• ABOUT THIS TASK
From the records below, please print only the lines from the one containing "ムーンストーン2種を1つづつ" through the one containing "한지희 작가의 화폭에서는", both included. Skip the pictures.

• SOURCE DATA
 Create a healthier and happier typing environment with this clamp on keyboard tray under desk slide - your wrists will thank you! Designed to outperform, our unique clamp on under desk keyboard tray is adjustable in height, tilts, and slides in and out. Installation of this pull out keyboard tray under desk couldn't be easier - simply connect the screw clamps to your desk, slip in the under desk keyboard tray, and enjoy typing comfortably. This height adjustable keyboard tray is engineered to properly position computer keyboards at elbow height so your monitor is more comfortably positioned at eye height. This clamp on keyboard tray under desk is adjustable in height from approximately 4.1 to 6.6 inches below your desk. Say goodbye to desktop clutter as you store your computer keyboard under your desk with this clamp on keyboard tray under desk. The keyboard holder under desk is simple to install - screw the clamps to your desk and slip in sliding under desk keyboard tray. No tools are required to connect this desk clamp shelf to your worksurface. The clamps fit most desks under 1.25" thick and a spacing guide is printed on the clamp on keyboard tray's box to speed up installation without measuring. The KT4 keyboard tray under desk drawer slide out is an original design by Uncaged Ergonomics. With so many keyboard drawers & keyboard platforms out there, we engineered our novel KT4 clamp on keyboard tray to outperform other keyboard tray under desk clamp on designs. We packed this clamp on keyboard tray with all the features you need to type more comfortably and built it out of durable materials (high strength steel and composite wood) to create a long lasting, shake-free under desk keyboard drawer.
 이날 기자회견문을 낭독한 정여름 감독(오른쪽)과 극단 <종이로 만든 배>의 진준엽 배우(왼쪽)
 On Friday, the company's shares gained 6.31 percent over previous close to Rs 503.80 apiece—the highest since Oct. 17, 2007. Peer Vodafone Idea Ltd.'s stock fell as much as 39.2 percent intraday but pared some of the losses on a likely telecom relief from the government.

--

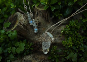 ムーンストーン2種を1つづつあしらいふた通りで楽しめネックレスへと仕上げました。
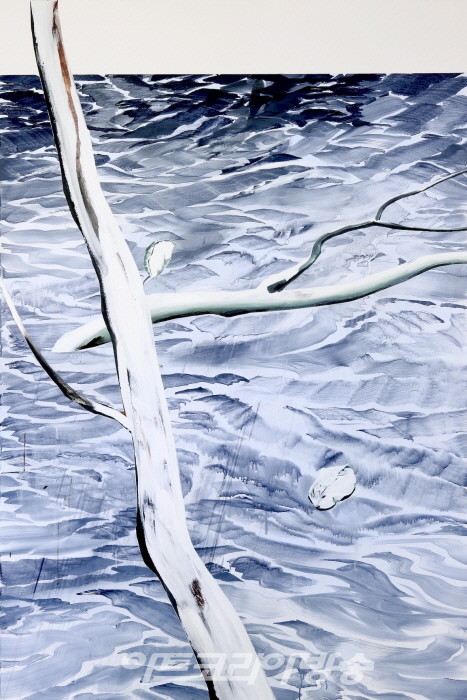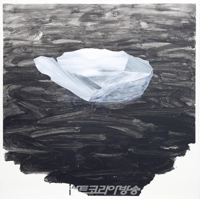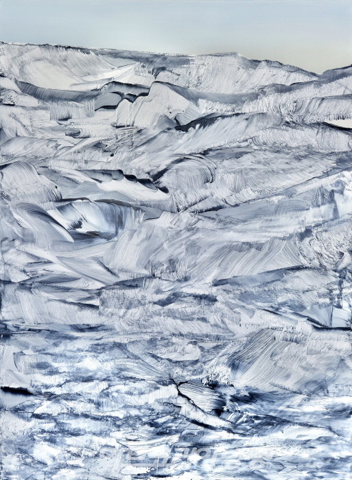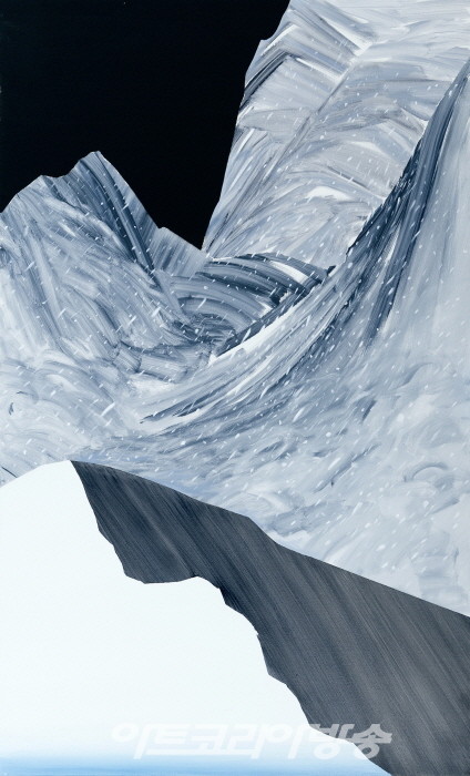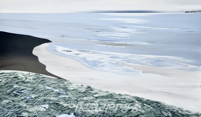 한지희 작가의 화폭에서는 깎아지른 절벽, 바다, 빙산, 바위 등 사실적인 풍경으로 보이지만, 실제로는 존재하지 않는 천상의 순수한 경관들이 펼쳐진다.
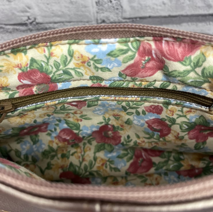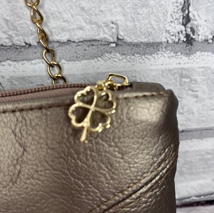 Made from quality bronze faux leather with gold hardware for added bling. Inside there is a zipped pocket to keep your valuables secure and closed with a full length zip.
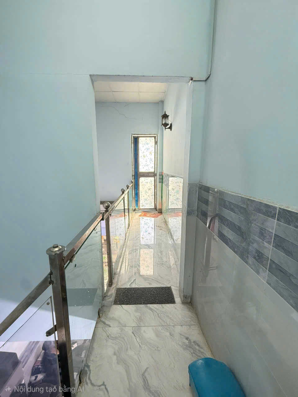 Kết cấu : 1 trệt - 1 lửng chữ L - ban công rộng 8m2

• REPLY TO THE TASK
 ムーンストーン2種を1つづつあしらいふた通りで楽しめネックレスへと仕上げました。
 한지희 작가의 화폭에서는 깎아지른 절벽, 바다, 빙산, 바위 등 사실적인 풍경으로 보이지만, 실제로는 존재하지 않는 천상의 순수한 경관들이 펼쳐진다.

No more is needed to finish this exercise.